2025-10-17 15:14:27 (65.7 MB/s) - ‘youtube-sub.csv’ saved [1153/1153]



In [5]:
df = pd.read_csv("youtube-sub.csv", sep=",")
df.head()

Unnamed: 0,RANK,GRADE,NAME,VIDEOS,SUBSCRIBERS,VIEWES
0,1,A++,T-Series,13629,105783888,76945588449
1,2,A,PewDiePie,3898,97853589,22298927681
2,3,A+,5-Minute Crafts,3341,58629572,14860695079
3,4,A++,Cocomelon - Nursery Rhymes,441,53163816,33519273951
4,5,A++,SET India,31923,51784081,36464793233


In [6]:
datafarme = df[['NAME', 'VIDEOS', 'SUBSCRIBERS', 'VIEWES']]
datafarme.head()

Unnamed: 0,NAME,VIDEOS,SUBSCRIBERS,VIEWES
0,T-Series,13629,105783888,76945588449
1,PewDiePie,3898,97853589,22298927681
2,5-Minute Crafts,3341,58629572,14860695079
3,Cocomelon - Nursery Rhymes,441,53163816,33519273951
4,SET India,31923,51784081,36464793233


In [7]:
datafarme.shape

(25, 4)

In [8]:
llm_loader = DataFrameLoader(
    data_frame= datafarme, 
    page_content_column="NAME",
)

llm_data = llm_loader.load()

print(len(llm_data))
llm_data[0].model_dump()

25


{'id': None,
 'metadata': {'VIDEOS': 13629,
  'SUBSCRIBERS': 105783888,
  'VIEWES': 76945588449},
 'page_content': 'T-Series',
 'type': 'Document'}

### Loaders | URLs

In [9]:
urls = [
    "https://www.apple.com/in/support/products/faqs.html",
    "https://www.apple.com/legal/sales-support/",
]

llm_loader = UnstructuredURLLoader(
    urls=urls
)

llm_data = llm_loader.load()

print(len(llm_data))
llm_data[1].model_dump()

2


{'id': None,
 'metadata': {'source': 'https://www.apple.com/legal/sales-support/'},
 'page_content': 'Sales & Support\n\nGet familiar with the policies, terms, and conditions for the purchase, support, and servicing of your Apple products.\n\nAppleCare One\n\nAppleCare One covers up to three devices (with the option to add more) with all the benefits of AppleCare+ and includes up to three incidents of theft or loss for Apple Watch, iPhone, and iPad every 12 months.\n\nSee the AppleCare One Terms and Conditions\n\nAppleCare+ with Theft and Loss\n\nAppleCare+ with Theft and Loss provides everything included in AppleCare+ and up to two incidents of theft or loss coverage every 12 months.\n\nView the Theft and Loss Insurance Documents\n\nAppleCare+\n\nAppleCare+ provides additional hardware service and technical support from Apple, including coverage for unlimited incidents of accidental damage per device covered.\n\nExplore AppleCare+ Terms and Conditions\n\nAppleCare Plans\n\nSome servic

### Loaders | WikiPedia

In [10]:
query = "عبد الفتاح السيسي"

llm_loader = WikipediaLoader(
    query=query,
    load_max_docs=5,
    doc_content_chars_max=20000
)

llm_data = llm_loader.load()

print(len(llm_data))
llm_data[1].model_dump()

# llm_data[1].page_content
# llm_data[1].metadata

5


{'id': None,
 'metadata': {'title': 'List of presidents of Egypt',
  'summary': "The office of President of Egypt was established in 1953. The president is the head of state of Egypt and the Supreme Commander of the Egyptian Armed Forces.
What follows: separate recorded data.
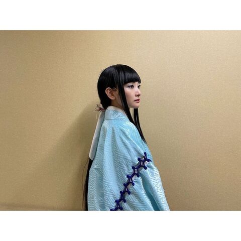 また「写真は今回演じます巫女の“おこま”です」と、前髪ぱっつんヘアで水色の巫女服を着た姿を投稿。「また新しい自分に千重子さんが導いて下さいました!!明日からも頑張ります!よろしくお願いします!」と記した。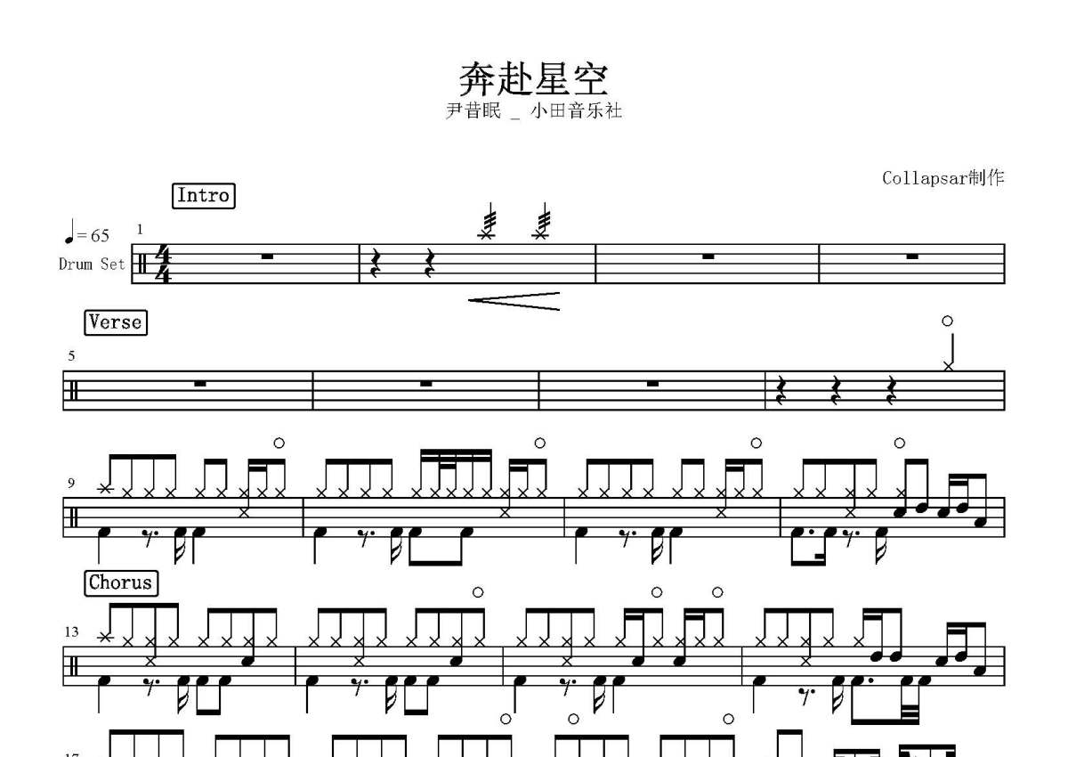 尹昔眠/小田音乐社《奔赴星空》鼓谱 - 架子鼓谱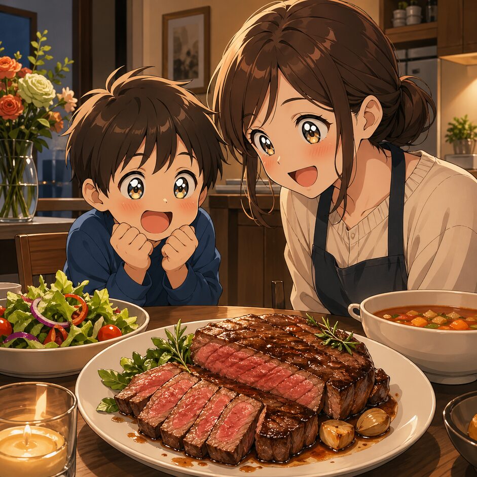 「えっ、今日ステーキだったの!?頼むから俺の分も残しておいて…(泣)」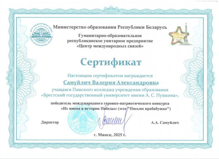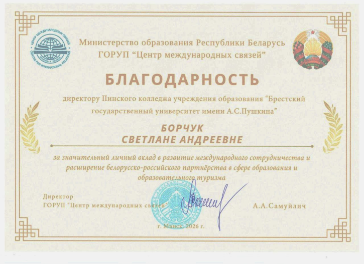 6 февраля 2026 года Борчук Светлана Андреевна, директор Пинского колледжа учреждения образования «Брестский государственный университет имени А.С.Пушкина», была удостоена Благодарности Министерства образования Республики Беларусь за значительный вклад в развитие международного сотрудничества и расширение белорусско-российского партнерства в сфере образования. Награду вручил директор ГОРУП «Центр международных связей» Министерства образования Республики Беларусь Самуйлич Александр Александрович.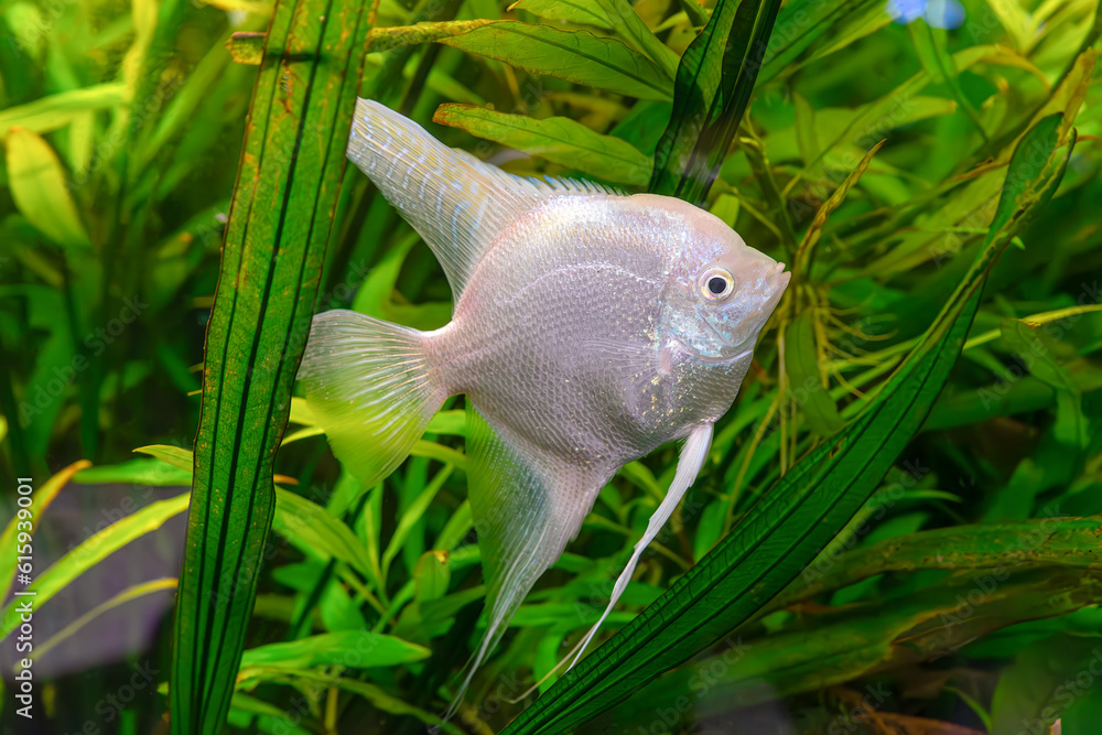 Poster Print Tropical fish Pterophyllum scalare altum angelfish swimming in aquarium water wtih green algae 40x26.7 cm Very well made.

The current president is Abdel Fattah el-Sisi, who has effectively controlled the country since the 2013 coup d'état, and was officially elected president in 2014.",
  'source': 'https://en.wikipedia.org/wiki/List_of_presidents_of_Egypt'},
 'page_content': "The office of President of Egypt was established in 1953. The president is the head of state of Egypt and the Supreme Commander of the Egyptian Armed Forces. The current president is Abdel Fattah el-Sisi, who has effectively controlled the country since the 2013 coup d'état, and was officially elected president in 2014.\n\n\n== Background ==\nThe first president of Egypt was Mohamed Naguib, one of the leaders of the Free Officers Movement who led the Egyptian Revolution of 1952, and who took office

### Loaders | PDF

In [11]:
from langchain_community.document_loaders.pdf import PyPDFLoader

file_path = "/home/mango/Coding/Prompt Engineering using LangChain/conda-cheatsheet.pdf"

llm_loader = PyPDFLoader(file_path=file_path)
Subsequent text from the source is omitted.